= Mass media in Afghanistan =

The mass media in Afghanistan is monitored by the Ministry of Information and Culture, and includes broadcasting, digital and printing. It is mainly in Dari and Pashto, the official languages of the nation. Prior to the return of the Islamic Emirate in 2021, Afghanistan had over 107 TV stations and 284 radio stations, including 100s of print media and over 1,800 online media outlets. The number of digital media outlets is steadily increasing again with the help of Facebook, Instagram, TikTok, Twitter, YouTube, and other such online platforms. Islamic Emirate's spokesman Zabihullah Mujahid has emphasized that the media should be in line with Sharia and Afghanistan's national interests.
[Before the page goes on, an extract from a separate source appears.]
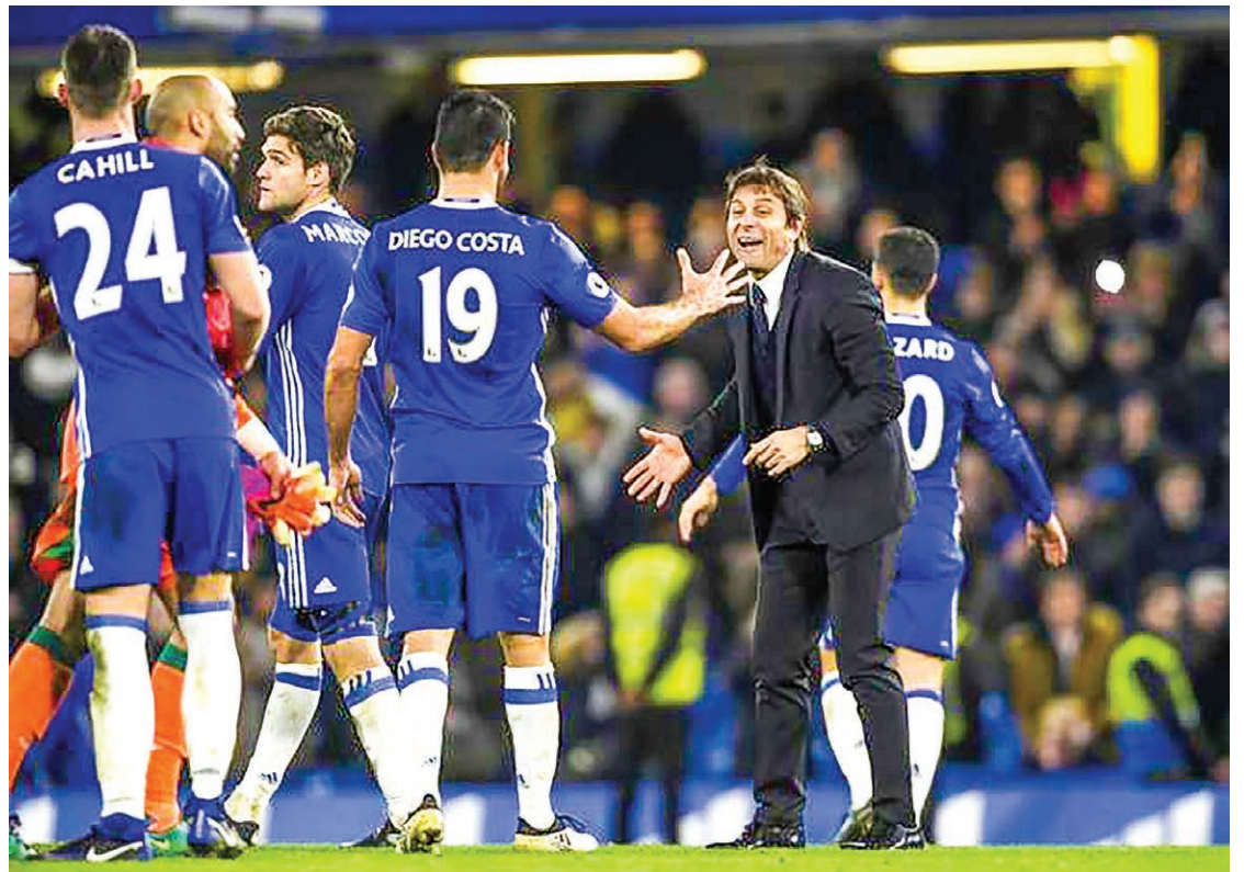
Chelsea's Diego Costa and Chelsea manager Antonio Conte celebrate after the win at Stamford Bridge Chelsea v Stoke City - Premier League - 31/12/16 after the game Liverpool

LONDON — Chelsea were given a stiff examination by Stoke City at Stamford Bridge on Saturday before extending their lead at the top of the Premier League to nine points ahead of the late game between Liverpool and Manchester City.

Following the Taliban’s return to power in 2021, media outlets and freedom of expression in Afghanistan have been severely restricted. Nai in Exile, an Afghan media advocacy group, said the Taliban are increasingly using Afghanistan’s private media as tools of state propaganda rather than relying only on censorship and violence. According to the group, outlets are forced to follow Taliban-approved narratives, language, and editorial rules, while banned content is suppressed and media are used to spread fear through propaganda material such as military displays and forced confessions. The group warned that this environment is severely damaging independent journalism and could undermine the credibility of private media in any future post-Taliban period.

==Media history==
The first newspaper, Shams-ul-Nahar شمس النهار was published in 1873 during the rule of Sher Ali Khan.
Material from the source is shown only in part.